Summary of My Need
We put a large amount of files on a filesystem for analysis at a later time. We can't control how many files we're going to have, and this one box needs access to all of them.
Unchangeable Limitations
- I can't change the inode limit. It's ext4, and it's the default 4 billionish
- There will always be a lot of files. The question isn't how to reduce the number of files; it's how to circumvent the 4Bn inode limit.
- I can't use network storage. This box lives in a data center and due to the staggering amount of existing data throughput, network storage is not an option.
My Ideas
- I could mount a file as a loopback device in the location where we're placing these files.
- Pro: Simple to implement
- Con: Another layer of complexity, but a pretty thin one.
- XFS. No inode limit.
- Pro: This obviously just erases the problem.
- Con: Not sure how much flexibility I'll have in making this change to a production system.
My Question
What are some other stragies for circumventing this hard limitation? Are there other benefits/drawbacks to the approaches I've mentioned?
I would suggest that you use a network server with a filesystem designed to handle what you need. The first thing that comes to mind would be something that supports zfs (freenas and nexenta, though the free version of the latter has some limitations) or if you can afford it you can buy something like netapp.
I am less familiar with UFS available on freebsd etc., but heard that would work too.
Info we're missing...
ext4 doesn't sound like it does what you want. So don't use it...
XFS should handle your situation well. It's in the Linux kernel, but deployment depends heavily on your disk flexibility. There are also some XFS tunables that will help with your load... Out of the box, it won't run particularly well. You'll want the right filesystem creation and mount options. The rest depends on your distro, whether you're using a controller, and your particular workload.

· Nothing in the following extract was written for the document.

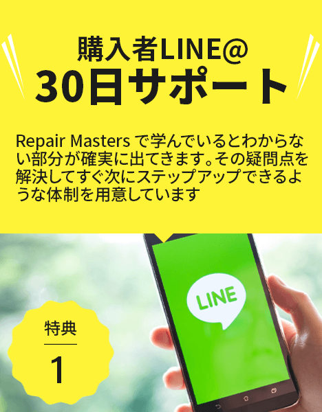 「Repair Masters」では全く知識のない超初心者の方でも、本業が忙しく少しの時間しかない方でも、全員が短期間で身に付くような手法を詰め込んでいます
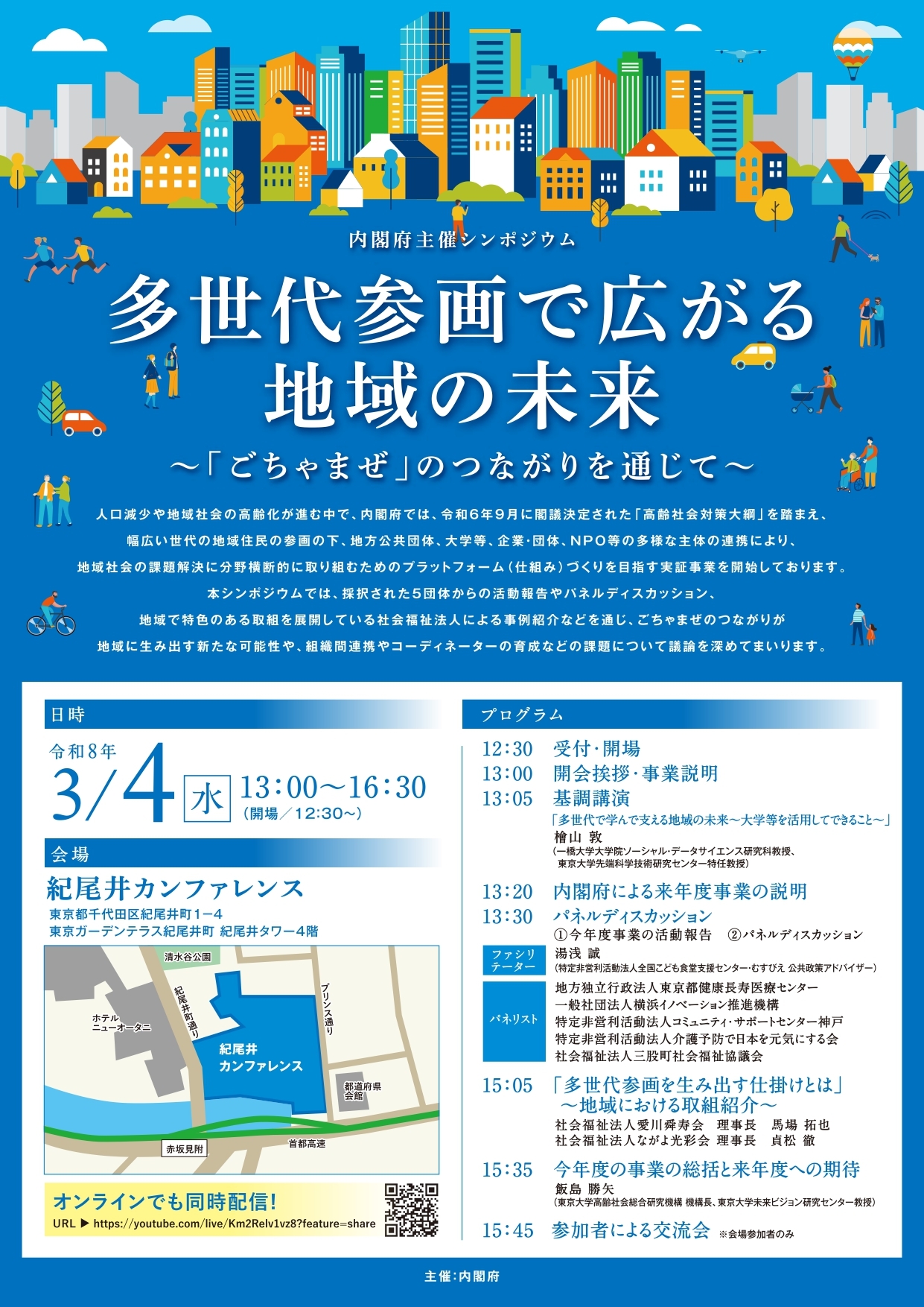 このたび、内閣府が主催するシンポジウム「多世代参画で広がる地域の未来~「ごちゃまぜ」のつながりを通じて~」が開催されます。

I guess you answered your own question, the XFS option seems to be the best one (i guess you even get a performance boost). The more complex part should be, how to convert EXT3/4 into XFS?
If your storage is not a unique physical RAID VD (and you didn't make the fs directy on the BlockDevice - mkfs.ext4 /dev/sdb) then I might suggest you into partitioning your fs tree into smaller blocks and mount them accordingly, configuring your software to write to both locations simultaneosly, and splitting the writes if possible. Ex.

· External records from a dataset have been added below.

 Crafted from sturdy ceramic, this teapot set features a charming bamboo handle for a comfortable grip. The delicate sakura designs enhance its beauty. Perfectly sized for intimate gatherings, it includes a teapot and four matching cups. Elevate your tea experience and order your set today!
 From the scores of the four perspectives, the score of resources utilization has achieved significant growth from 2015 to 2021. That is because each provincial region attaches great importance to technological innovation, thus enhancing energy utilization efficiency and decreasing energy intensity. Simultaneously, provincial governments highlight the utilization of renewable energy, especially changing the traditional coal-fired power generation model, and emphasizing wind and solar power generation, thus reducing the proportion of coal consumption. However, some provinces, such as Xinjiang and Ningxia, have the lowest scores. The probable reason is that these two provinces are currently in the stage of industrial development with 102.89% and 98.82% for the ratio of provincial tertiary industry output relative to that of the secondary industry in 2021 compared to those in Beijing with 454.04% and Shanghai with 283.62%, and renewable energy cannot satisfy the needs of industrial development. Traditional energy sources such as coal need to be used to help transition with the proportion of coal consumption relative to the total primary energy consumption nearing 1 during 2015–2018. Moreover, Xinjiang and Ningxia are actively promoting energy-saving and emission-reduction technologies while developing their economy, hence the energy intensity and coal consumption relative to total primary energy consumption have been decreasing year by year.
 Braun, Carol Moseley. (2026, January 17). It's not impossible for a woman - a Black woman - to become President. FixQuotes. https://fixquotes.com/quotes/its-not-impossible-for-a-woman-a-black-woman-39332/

If splitting the writes is not possible from the application, you could create a cron which moves the files from the ext4 partition into the new XFS every n minutes
Additional options:
Create filesystems on-demand as you need them. Partition with LVM instead of attaching your filesystems directly to the MBR. You can mount a FS anywhere in your tree, so you can add a new filesystem whenever and wherever you need it. Also, LVM can span portions of multiple disks if you want, meaning physical medium boundaries are less meaningful.

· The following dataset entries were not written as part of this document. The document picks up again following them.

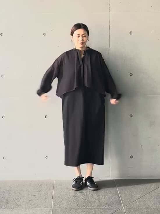 ブラウス部分はメッシュで、タックやギャザーでフォルムを出し、見頃はポンチ素材なので楽に着られます。
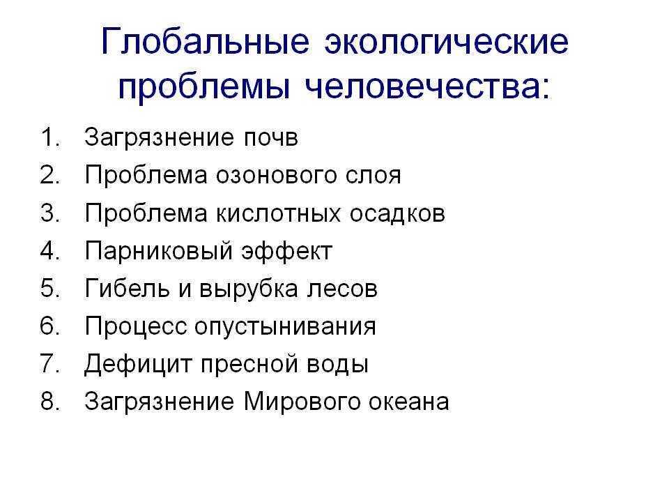 Из глобальных экологических проблем, существующих в современном мире, можно выделить:
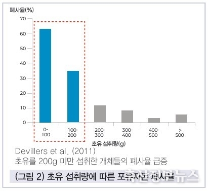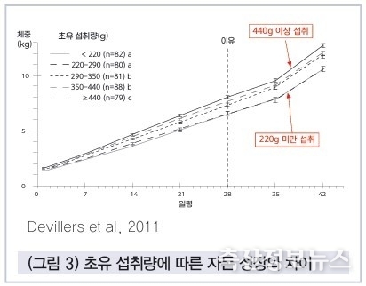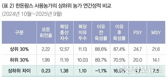 이유 전 육성률 차이는 1%가량으로 큰 편은 아니지만, 이유 후 육성률의 차이가 17% 가까이 벌어진다. 간단히 이야기하면 생산성이 높은 농장은 이유 후 폐사와 손실이 적다는 것이다. 물론 생산성이 높은 농장 역시 13% 이상 이유 후 폐사율을 기록하고 있어 대부분 농장이 이유한 돼지를 살려서 내보내는 것이 큰 숙제임을 알 수 있다.
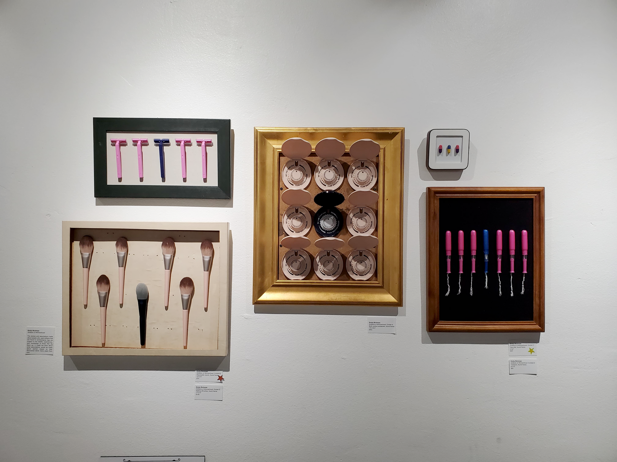 It’s a little of both, I would say. For Are we all met?, I fell in love with the gnomes and knew I would put them in the shadow box but didn’t have the official idea of what it was until I was creating it. For my series on Artifacts of Womanhood, I had initially created the birth control piece many years ago because I liked it aesthetically. The rest of the pieces were conceived by thinking about what other ‘artifacts’ one might associate with womanhood, and I collected them to create the series.

Loopback FSes are not a terrible idea, but really why wouldn't you use LVM instead? All the advantages, none of the disadvantages.
If you're just archiving files (i.e not random-access) then saving them directly into a .tar.gz file is not a bad idea. I've also seen systems where files get "staged" temporarily to an SSD while the structure is getting built, then get dumped to a tar.gz on a spinning drive for long-term storage.
XFS is not a bad option, though it has its own difficulties as well. It's not quite as forgiving of unclean shutdowns, for example. Not that you would expect data loss, but it does sometimes require more hands-on intervention.
Of all these, automatically pushing files into .tar.gz archives is my favorite. It saves you space and inodes, and is just plain tidy. Large numbers of small files make filsystems much less performant than expected.